Inquiétantes prisons modèles
Le contrôleur des lieux de privation de liberté, Jean-Marie Delarue, a présenté hier un rapport très critique envers le fonctionnement des nouveaux établissements pénitentiaires. Un dédale de portes, de clés, de couloirs, de sas ou de contrôles… Un cheminement sans fin, au sens premier du terme : dans les nouveaux établissements pénitentiaires, entre un quart et un tiers des détenus qui sortent de leur cellule pour se rendre à une activité ou un rendez-vous sont contraints de faire demi-tour avant d’avoir atteint leur objectif, horaire oblige. « Il y a dans ces prisons une multiplication des frustrations, et par conséquent un accroissement inévitable de l’agressivité, engendrant une violence contre soi et contre autrui », détaille le contrôleur des lieux de privation de libertés, Jean-Marie Delarue, qui commentait hier, devant une presse venue nombreuse, son second rapport annuel depuis la création de l’institution. « Sans polémiquer, ni rien céder à ce qui me semble devoir être dit », a-t-il cru bon d’insister.
UNE MULTIPLICATION DES FRUSTRATIONS
Cette année, le contrôleur a donc développé un point spécial consacré aux établissements construits dans le cadre du programme dit des « 13 000 » places, conçu en 2002 : trois de ses équipes, parties simultanément entre fin août et début septembre 2009 pour les visiter, sont revenues « pessimistes ». Mais « le coup est parti », regrette le contrôleur pour qui, il sera désormais difficile de revenir sur une architecture dont la définition est déjà fixée.
POUR LA MAJORITÉ, UN « ENNUI MORTEL »
Outre la multiplication des grilles et du béton, le problème de ces « prisons modernes » réside dans la diminution des contacts humains, avec par exemple la mise en place de « vitres sans tain dans les postes de surveillance ». Les gardiens y sont « débordés » : « Leur nombre est à peine suffisant pour accomplir leurs tâches. » Certains n’ont d’ailleurs pas le temps d’ouvrir la porte des détenus qui doivent se rendre à une activité, « et disent ensuite que c’est le détenu qui a refusé de venir », complète le contrôleur, qui dit récuser « les faux clivages » : « Si nous nous intéressons aux détenus, est-ce que nous ignorons les conditions de travail des surveillants ? » En prison, précise encore Jean-Marie Delarue, les activités, ateliers, formations, ou emplois, sont « réservés à une minorité privilégiée ». Le lot des autres, c’est « un ennui mortel ». Autre objet d’inquiétude du contrôleur qui rappelle que « l’exigence de sécurité ne remplacera jamais les nécessaires relations humaines » : la mise en place de la vidéosurveillance.
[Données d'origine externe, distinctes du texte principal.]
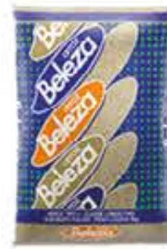
ARROZ BELEZA TP2 5KG R$ 15,75
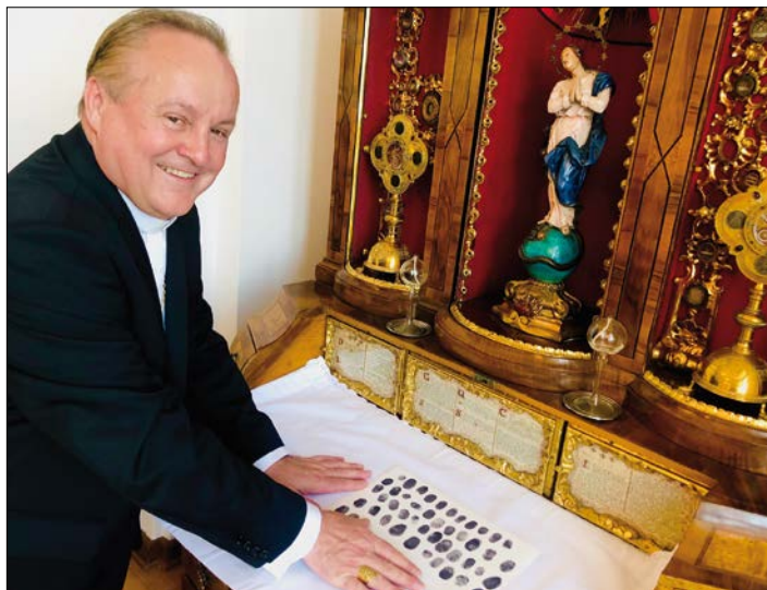
Ⓛ Biskup Jan přidal otisk prstu v rámci daru sochy sv. Anežky papeži
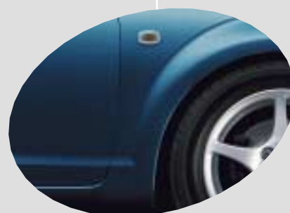
8M6 Blue Mica*
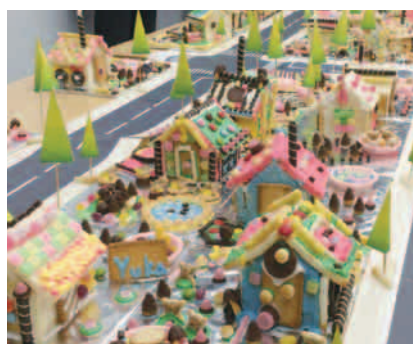
お菓子の家で作られた街

東京建築士会杉並支部主催の親子で参加する教室で、設計図作り～確認申請～家づくり～街づくり、という工程をこなす本格的なものでした。子どもたちは、いろいろな種類の市販のお菓子や色とりどりのアイシングを使って一生懸命お菓子の家を作り、自分たちの家の自慢ポイントを誇らしげに語っていました。
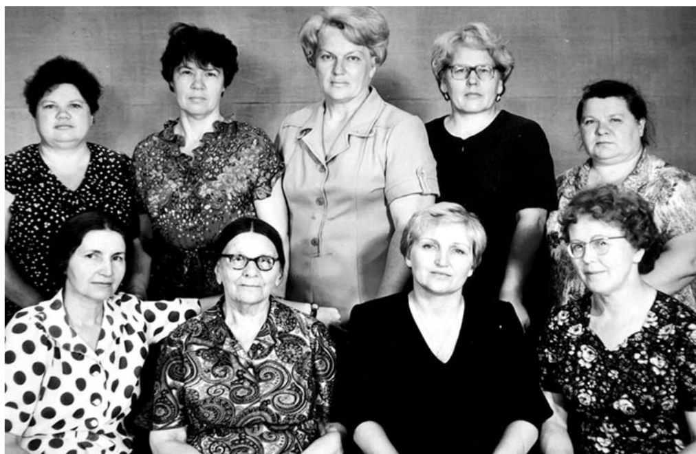
Педагогический коллектив 181-й школы
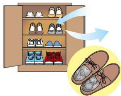
湿気がニオイの原因になるため、ときどき扉を開放させて換気。靴の湿気取りに吸水性の高い新聞紙やキッチンペーパーを入れるのも手です。

靴のニオイや湿気が原因です。 ・履いた靴はしっかり乾燥を…靴専用の乾燥機や布団乾燥機に靴用のアタッチメントの使用がおすすめ。 ・靴の汚れを取る…土などから雑菌が繁殖し、ニオイやカビの原因に。しっかり落としましょう。 ・重曹が消臭剤に…重曹をビンに入れるだけ。エッセンシャルオイルやハッカ油を入れるのも良いですね！
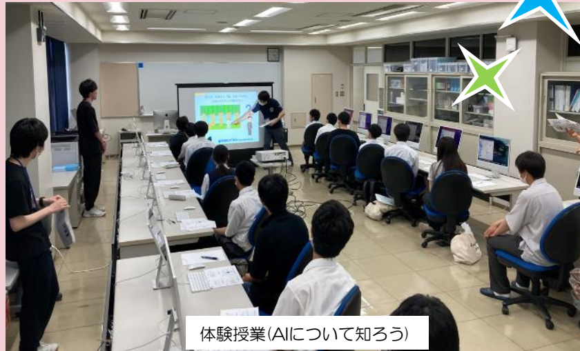
体験授業(AIについて知ろう)

Sans y être opposé, il recommande que des limites « très précises » soient fixées : aucune caméra dans les lieux d’intimité, les cabinets de médecins, d’avocats, les chambres d’hôpital ou la cellule. « On ne peut pas substituer la vidéosurveillance à la surveillance », appuie Jean-Marie Delarue. Et de livrer une anecdote qui résume bien les limites d’une lecture parfois délicate et imprécise des images. En visite dans un centre de rétention, le contrôleur voit à l’image ce qu’on lui décrit comme étant « quinze personnes assises sagement devant un poste de télévision ». Arrivé dans la pièce en question, il découvre que les quinze personnes sont en fait « en train d’attendre qu’on consente enfin à allumer le poste ».